Philadelphia Scientific’s Owner Has a Bright Idea: Electric Roads

How do you keep electric cars running? An innovative answer.

Frank Hebbert | Flickr | Shared under a Creative Commons license.

Frank Hebbert | Flickr | Shared under a Creative Commons license.

With the exception of Tesla, electric cars haven’t gotten very far with the American car-buying public — or manufacturers for that matter. One reason? Keeping them on the road is hard. They either need big, cumbersome batteries, or more recharging stations than currently exist. And the conundrum gets more pressing when you consider the coming advent of driverless — yes, driverless — cars that advocates envision will be on the road perpetually, never parking.

Will Jones, the owner of Montgomeryville-based Philadelphia Scientific, has helped offer a possible answer: Electric roads.

No, the entire road wouldn’t be electrified: Instead, a metal charging strip would be embedded in highways — creating miniature trolleys of a sort — ensuring travelers don’t run out of juice far away from home or civilization.

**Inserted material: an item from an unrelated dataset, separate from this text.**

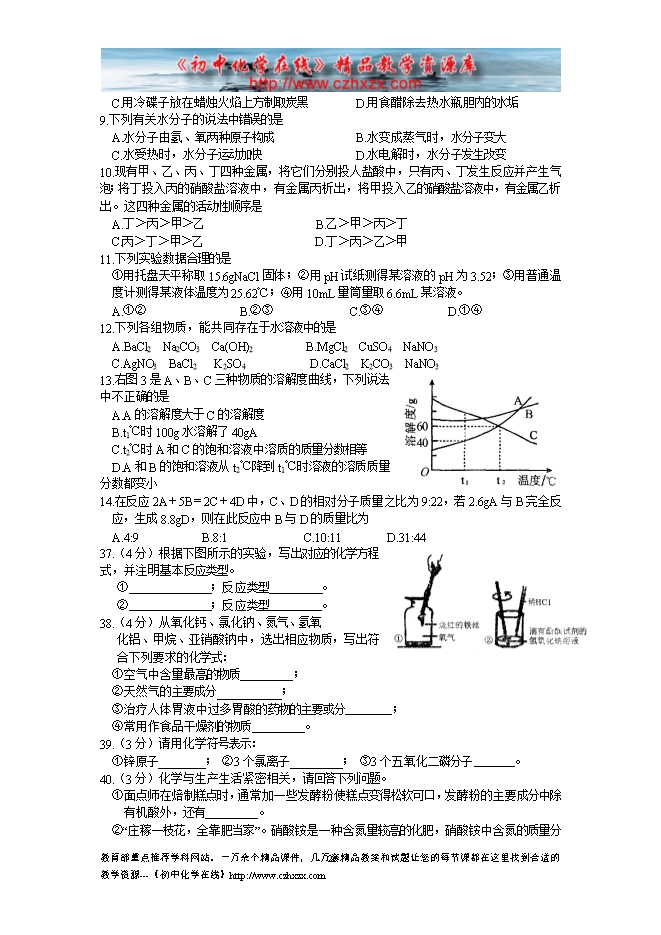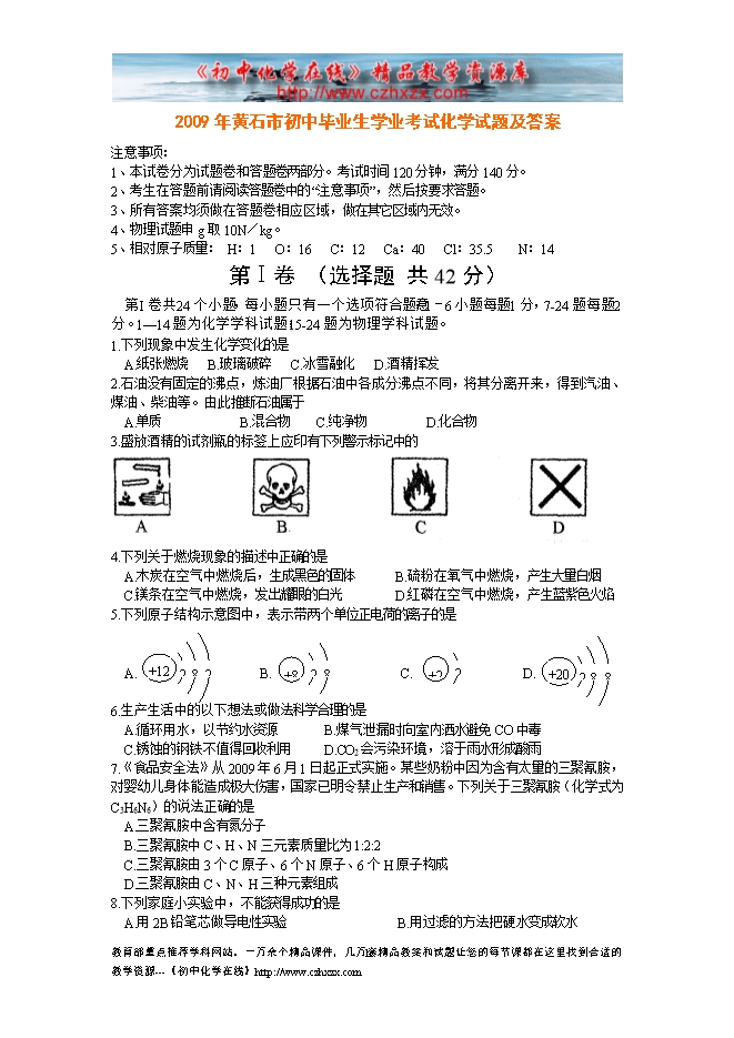 2009年黄石市初中毕业生学业考试化学试题及答案

The proposal just won an innovation award from the Smart Transportation Alliance.

“It’s a magical thing,” Jones told BloombergBusiness recently. “If you achieve direct contact, energy density for battery-electric cars goes from inadequate to infinite.”

The idea was produced by the Tracked Electric Vehicle Project, an open-sourced effort that Jones co-founded in 2012. The project has bases in both the United States and United Kingdom. His daughter, Caroline Jones Carrick, is director of the project.

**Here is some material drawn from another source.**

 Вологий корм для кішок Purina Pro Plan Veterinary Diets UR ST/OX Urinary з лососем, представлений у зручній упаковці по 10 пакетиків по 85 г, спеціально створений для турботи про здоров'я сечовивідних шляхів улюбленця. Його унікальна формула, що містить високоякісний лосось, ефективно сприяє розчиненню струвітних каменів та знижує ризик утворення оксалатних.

“Ultimately, we want to see change: not only to road infrastructure, but to the way people travel across the world,” Carrick told the Scotsman after the award was announced. “Congestion, emissions problems and rising costs of road repairs need to be addressed now so the transportation of tomorrow is cleaner, greener, safer and affordable.”

She told The Fifth Estate: “My father is a businessman, a mechanical engineer. I call him a conscience entrepreneur, an entrepreneur with a conscience. The concept was his idea in order to help reduce emissions and our oil consumption and find a better way to get around. We never set out to make money and I’ve always been part of that goal. We feel that it has to be open source.”

BloombergBusiness reports the TEV Project plans to build a first trial road by next yea. The estimated cost: $1.2 million to $1.8 million per mile. Officials say it could cost $295 billion to electrify all 164,000 miles of U.S. federal highways.

Jones has owned Philadelphia Scientific since 1983.